Example: Turning a Messy Function Into One You Can Test
Before:
function processOrder($order) {
if(!$order->id) throw new Exception('No ID');
$tax = 0;
if ($order->country === 'BG') {
$tax = $order->total * 0.20;
} else if ($order->country === 'DE') {
$tax = $order->total * 0.19;
}
// Lots more branching...
// Sends email, writes to DB, calls payment gateway…
}
Plate washed:
/**
* Calculate VAT for an order based on country.
* Pure function: given (total, country) -> VAT amount.
*/
function vatFor(string $country, float $total): float {
return match($country) {
'BG' => $total * 0.20,
'DE' => $total * 0.19,
default => 0.0,
};
}
Now your main function calls vatFor()
instead of inlining logic. You added a micro-test for vatFor()
. That’s one extra plate—simple, contained, helpful.
Final Thoughts
One more plate is tiny. That’s the point. You don’t need heroic refactors to keep a codebase healthy; you need a culture of small, consistent care. Make it a habit, bake it into your process, and in a year you’ll wonder why your kitchen isn’t a disaster—because you never let it become one.
Call to Action: Next time you touch a file, ask yourself: "Which extra plate can I wash before I commit this change?" Then do it. Repeat. Change culture, one spotless plate at a time.
Sources & Further Reading
- Robert C. Martin (“Uncle Bob”) – Boy Scout Rule: “The Boy Scout Rule” from 97 Things Every Programmer Should Know.

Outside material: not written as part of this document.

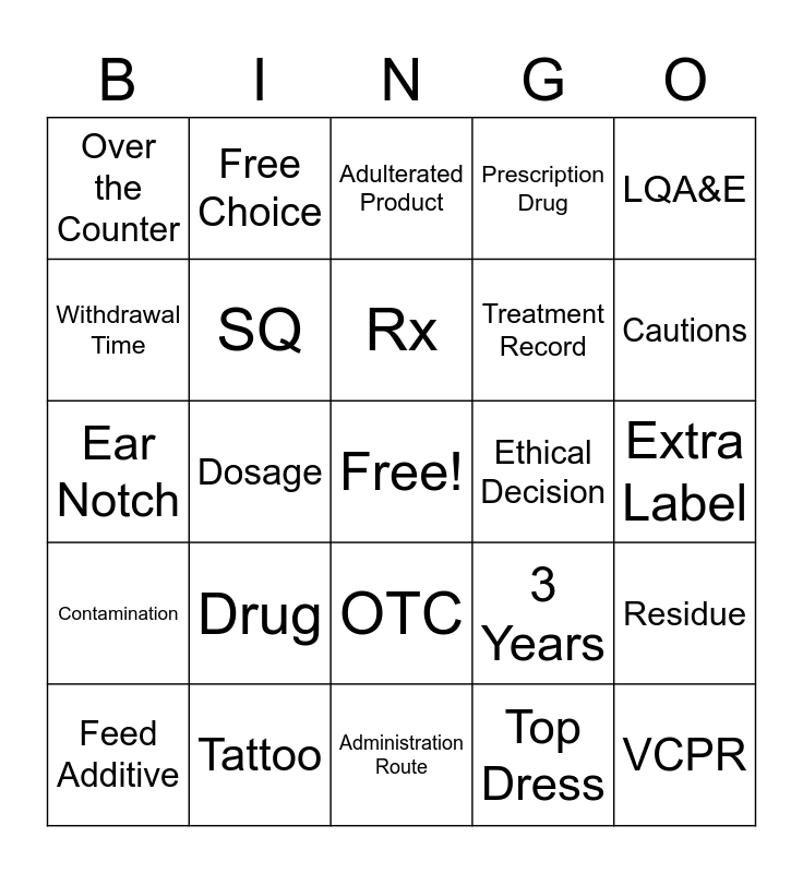 This bingo card has a free space and 32 words: Top Dress, FDA, Dosage, Medication, Contamination, SQ, LQA&E, Residue, Free Choice, Producer, Rx, Adulterated Product, Expiration Date, Active Ingredient, Ethical Decision, Medicated Feed, Feed Additive, Ear Notch, OTC, Drug, 3 Years, IM, Extra Label, Tattoo, VCPR, Prescription Drug, Treatment Record, Withdrawal Time, Over the Counter, Administration Route, Wholesome Food and Cautions.

- Ward Cunningham – Technical Debt Metaphor: Cunningham’s original explanation of Technical Debt on Martin Fowler’s site.
- Martin Fowler – Continuous Micro-Refactoring: Fowler’s book, Refactoring: Improving the Design of Existing Code.
- Kent Beck – “Make it work, make it right, make it fast”: An explanation of the mantra by Ron Jeffries.
- Andrew Hunt & David Thomas – Broken Windows in Software: The concept is detailed in their book, The Pragmatic Programmer.